▸ **PROBLEM TO WORK ON**: Work through the data and report how many lines include the string "more", giving the number alone.

▸ **SUPPLIED INFORMATION**:
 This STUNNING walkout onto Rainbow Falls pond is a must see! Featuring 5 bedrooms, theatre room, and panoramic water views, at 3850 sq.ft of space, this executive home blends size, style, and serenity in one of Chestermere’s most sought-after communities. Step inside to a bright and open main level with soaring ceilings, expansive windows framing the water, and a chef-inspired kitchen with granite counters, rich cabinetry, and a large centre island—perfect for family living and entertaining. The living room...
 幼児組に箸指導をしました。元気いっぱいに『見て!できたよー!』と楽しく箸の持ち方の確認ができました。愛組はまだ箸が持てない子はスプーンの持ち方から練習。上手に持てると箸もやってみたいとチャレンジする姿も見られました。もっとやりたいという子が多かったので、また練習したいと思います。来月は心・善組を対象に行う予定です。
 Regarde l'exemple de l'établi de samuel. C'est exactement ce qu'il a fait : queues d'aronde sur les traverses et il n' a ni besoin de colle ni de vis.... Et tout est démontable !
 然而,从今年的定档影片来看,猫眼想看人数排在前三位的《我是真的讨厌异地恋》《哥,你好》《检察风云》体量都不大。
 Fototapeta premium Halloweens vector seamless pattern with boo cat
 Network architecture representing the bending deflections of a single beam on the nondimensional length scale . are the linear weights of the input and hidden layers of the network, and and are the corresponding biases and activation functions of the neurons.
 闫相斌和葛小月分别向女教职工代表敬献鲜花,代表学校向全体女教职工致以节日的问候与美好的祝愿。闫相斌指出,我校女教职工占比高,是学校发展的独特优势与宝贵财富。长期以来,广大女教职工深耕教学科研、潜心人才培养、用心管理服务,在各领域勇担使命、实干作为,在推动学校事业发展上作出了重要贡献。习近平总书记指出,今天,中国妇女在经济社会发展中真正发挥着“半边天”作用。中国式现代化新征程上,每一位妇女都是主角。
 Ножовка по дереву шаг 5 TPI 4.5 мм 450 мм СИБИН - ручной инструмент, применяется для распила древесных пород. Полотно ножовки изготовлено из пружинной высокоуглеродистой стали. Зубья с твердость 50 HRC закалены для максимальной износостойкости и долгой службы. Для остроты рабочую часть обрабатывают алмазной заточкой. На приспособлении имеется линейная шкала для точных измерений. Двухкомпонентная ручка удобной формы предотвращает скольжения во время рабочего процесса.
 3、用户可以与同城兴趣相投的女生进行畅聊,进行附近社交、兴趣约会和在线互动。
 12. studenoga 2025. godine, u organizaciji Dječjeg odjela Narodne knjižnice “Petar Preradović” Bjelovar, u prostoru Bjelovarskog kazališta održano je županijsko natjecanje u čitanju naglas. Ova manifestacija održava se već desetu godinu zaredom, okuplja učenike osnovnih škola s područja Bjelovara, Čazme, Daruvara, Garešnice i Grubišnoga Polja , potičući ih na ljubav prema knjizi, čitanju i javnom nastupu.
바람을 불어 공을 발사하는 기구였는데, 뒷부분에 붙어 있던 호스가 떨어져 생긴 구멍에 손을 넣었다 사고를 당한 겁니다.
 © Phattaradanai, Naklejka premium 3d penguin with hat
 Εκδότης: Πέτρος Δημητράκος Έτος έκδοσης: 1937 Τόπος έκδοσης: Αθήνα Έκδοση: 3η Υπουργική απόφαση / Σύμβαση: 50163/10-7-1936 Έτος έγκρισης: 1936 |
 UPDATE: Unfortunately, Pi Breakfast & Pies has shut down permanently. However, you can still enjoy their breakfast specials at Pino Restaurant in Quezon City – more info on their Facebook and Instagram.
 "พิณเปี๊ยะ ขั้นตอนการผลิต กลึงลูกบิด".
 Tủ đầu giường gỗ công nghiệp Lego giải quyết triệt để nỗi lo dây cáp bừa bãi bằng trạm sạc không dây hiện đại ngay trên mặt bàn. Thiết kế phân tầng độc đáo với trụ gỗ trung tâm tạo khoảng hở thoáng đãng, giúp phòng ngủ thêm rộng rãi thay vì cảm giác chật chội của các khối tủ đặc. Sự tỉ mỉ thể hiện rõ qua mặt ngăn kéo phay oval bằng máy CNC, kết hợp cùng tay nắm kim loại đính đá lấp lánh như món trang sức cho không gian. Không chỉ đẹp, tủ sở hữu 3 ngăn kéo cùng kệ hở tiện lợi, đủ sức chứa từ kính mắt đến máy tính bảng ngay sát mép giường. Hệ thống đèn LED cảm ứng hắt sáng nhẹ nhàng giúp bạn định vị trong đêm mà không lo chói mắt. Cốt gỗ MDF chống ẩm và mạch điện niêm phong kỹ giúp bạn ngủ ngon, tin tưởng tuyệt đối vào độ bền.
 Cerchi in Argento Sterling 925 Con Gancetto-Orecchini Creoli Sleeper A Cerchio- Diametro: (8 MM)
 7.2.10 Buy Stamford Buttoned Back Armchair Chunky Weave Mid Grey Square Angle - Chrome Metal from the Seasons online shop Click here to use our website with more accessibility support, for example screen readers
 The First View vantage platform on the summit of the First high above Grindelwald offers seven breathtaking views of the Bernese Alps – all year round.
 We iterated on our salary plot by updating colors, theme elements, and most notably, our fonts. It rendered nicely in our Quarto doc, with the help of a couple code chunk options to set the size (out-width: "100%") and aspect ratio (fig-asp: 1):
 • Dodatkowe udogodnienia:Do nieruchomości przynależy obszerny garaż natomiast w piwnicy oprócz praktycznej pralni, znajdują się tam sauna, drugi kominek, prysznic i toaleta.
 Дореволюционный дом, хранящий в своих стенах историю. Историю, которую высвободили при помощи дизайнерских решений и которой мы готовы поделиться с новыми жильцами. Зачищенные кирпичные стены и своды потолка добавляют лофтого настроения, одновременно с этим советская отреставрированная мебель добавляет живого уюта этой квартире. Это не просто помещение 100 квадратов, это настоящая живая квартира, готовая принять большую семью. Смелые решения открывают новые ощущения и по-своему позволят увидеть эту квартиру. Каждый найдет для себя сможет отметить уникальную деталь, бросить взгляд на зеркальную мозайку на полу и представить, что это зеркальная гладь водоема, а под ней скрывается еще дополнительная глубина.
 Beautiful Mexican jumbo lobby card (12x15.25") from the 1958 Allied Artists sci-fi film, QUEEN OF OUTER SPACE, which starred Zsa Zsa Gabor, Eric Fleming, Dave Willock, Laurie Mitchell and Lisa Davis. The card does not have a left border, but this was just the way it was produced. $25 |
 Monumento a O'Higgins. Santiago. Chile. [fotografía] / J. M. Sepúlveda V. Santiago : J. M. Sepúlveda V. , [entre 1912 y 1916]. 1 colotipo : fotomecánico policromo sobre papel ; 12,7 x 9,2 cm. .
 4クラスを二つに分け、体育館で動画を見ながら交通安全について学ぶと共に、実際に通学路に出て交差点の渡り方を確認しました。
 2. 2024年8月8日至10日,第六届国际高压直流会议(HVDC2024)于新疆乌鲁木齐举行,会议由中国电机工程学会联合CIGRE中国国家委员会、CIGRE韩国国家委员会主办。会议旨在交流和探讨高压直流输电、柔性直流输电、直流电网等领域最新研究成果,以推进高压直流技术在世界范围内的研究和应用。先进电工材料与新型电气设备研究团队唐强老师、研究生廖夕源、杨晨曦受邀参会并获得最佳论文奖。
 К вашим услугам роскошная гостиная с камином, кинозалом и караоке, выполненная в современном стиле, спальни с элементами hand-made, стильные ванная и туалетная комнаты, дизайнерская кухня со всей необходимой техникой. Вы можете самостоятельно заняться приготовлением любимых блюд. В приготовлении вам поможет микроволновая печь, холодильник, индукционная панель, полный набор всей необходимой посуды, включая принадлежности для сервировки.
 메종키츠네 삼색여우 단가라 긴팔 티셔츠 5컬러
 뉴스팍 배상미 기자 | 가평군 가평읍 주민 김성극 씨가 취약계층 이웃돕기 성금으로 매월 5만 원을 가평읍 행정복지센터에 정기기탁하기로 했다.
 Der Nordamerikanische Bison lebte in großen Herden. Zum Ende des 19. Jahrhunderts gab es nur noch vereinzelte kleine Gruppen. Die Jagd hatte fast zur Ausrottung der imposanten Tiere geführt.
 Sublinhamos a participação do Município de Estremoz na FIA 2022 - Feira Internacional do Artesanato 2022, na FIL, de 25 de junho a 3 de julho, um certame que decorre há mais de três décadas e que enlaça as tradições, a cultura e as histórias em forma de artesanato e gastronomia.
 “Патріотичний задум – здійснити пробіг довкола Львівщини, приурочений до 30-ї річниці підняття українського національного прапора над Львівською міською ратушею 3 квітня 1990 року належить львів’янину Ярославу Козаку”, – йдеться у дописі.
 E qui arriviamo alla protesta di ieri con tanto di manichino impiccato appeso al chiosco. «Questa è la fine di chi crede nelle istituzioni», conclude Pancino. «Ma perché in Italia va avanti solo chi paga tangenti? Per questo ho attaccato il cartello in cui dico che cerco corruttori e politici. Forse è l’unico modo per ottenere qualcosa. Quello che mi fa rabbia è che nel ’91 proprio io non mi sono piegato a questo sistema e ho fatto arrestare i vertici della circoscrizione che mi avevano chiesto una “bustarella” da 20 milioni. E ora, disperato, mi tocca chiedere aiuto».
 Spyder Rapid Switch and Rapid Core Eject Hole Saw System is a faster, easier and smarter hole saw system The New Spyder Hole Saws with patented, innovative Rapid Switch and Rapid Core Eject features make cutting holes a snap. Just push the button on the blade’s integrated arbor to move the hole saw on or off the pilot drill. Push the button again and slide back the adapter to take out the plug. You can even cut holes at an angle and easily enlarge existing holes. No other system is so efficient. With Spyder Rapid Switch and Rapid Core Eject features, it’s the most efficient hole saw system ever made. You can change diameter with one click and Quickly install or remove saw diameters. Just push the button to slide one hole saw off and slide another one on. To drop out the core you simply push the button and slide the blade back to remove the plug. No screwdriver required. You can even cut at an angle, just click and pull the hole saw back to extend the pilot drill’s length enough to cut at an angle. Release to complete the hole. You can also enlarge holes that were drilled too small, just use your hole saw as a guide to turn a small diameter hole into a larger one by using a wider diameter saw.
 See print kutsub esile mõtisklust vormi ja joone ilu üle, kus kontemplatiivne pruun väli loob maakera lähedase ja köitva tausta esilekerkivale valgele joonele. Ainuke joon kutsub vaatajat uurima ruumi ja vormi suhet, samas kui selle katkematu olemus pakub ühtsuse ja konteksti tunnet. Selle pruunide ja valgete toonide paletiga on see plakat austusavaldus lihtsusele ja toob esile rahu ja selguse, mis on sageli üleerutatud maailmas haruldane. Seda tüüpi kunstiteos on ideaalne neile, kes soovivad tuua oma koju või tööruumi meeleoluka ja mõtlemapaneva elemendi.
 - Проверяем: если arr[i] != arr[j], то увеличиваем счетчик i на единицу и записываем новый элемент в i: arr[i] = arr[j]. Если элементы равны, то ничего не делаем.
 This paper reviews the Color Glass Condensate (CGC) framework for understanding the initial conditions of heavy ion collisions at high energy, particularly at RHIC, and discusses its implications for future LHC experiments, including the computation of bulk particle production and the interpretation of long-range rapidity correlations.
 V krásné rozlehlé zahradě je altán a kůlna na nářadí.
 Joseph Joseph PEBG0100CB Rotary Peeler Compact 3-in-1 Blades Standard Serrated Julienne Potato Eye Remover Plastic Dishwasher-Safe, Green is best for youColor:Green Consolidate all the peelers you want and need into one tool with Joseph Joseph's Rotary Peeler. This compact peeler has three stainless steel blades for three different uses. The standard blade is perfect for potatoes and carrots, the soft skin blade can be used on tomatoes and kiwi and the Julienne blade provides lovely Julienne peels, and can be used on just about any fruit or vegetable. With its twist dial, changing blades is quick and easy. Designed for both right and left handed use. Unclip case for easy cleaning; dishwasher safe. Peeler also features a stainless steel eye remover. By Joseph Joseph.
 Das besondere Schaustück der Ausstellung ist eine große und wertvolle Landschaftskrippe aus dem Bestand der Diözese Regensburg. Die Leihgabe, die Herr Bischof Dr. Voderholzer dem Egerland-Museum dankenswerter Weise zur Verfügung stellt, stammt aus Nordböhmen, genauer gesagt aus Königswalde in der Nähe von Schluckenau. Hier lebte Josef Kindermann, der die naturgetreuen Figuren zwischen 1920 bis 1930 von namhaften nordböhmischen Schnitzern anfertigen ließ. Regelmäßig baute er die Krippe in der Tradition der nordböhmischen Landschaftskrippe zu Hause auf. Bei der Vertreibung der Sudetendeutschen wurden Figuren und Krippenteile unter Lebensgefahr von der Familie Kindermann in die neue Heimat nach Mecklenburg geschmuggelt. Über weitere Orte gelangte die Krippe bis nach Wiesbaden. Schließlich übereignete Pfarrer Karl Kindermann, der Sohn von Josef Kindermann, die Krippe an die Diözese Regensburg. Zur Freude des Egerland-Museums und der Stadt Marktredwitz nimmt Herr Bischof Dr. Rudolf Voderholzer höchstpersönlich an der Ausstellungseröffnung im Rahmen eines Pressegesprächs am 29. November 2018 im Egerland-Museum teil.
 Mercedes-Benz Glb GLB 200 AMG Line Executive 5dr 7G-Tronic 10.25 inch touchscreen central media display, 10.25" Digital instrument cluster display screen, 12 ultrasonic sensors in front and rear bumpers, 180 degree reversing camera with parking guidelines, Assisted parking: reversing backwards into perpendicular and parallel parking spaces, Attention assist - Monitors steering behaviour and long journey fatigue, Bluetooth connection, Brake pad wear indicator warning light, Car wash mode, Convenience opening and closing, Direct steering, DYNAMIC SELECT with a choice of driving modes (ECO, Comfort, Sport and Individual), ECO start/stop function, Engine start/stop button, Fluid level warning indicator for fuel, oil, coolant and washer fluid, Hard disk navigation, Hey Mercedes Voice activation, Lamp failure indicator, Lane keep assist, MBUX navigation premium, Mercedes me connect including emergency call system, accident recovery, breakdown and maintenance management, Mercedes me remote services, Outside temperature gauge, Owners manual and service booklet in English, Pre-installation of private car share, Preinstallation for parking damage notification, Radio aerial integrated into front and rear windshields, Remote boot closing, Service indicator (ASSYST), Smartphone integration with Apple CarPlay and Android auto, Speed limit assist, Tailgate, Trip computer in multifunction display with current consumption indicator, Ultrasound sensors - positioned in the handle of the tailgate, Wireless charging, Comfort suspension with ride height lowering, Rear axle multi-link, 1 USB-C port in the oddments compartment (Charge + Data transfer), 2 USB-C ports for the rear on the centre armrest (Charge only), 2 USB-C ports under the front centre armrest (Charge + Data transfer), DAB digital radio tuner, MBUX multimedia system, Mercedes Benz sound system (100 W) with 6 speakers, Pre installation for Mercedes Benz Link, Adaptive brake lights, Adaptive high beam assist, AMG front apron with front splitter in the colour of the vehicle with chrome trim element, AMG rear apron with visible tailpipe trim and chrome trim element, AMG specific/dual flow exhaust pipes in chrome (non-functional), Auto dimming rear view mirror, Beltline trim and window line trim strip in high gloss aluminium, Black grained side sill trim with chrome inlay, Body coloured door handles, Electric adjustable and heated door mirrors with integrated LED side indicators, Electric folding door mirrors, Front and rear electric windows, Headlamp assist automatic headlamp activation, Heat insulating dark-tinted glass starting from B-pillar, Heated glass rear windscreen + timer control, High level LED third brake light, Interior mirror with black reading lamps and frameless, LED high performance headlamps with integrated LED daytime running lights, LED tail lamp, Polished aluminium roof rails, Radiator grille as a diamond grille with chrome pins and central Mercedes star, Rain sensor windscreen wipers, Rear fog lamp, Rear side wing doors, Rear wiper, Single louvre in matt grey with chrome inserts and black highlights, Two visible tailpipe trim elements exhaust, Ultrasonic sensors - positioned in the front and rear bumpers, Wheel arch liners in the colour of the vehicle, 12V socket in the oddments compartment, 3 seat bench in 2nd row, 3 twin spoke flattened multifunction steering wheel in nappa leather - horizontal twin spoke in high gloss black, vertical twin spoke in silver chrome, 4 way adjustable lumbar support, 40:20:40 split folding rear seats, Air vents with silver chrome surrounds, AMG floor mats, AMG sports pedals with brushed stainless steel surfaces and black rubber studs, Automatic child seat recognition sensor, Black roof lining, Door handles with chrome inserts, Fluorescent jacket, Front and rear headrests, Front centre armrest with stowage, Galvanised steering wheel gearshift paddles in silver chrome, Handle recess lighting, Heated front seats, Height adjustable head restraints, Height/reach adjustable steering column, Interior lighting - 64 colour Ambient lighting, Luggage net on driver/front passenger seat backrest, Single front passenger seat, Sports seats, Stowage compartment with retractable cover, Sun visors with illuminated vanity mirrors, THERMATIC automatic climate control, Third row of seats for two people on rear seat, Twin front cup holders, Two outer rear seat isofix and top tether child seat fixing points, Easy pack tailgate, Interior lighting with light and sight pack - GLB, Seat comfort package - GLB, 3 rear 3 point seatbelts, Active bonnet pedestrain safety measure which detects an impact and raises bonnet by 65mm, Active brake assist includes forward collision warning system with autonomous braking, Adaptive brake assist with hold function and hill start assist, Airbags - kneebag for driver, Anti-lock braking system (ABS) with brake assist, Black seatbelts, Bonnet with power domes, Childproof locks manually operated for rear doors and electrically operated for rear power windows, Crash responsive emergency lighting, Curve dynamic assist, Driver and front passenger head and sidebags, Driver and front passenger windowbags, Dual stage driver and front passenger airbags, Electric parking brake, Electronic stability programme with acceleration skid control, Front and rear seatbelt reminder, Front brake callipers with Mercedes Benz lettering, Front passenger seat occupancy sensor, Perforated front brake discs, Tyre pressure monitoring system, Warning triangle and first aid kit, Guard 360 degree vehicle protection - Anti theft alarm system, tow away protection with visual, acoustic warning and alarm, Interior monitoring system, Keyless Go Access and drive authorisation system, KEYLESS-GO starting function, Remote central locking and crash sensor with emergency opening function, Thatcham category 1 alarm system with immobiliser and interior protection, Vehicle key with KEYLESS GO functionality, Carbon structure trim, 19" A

▸ **ANSWER FOR THE TASK**: 2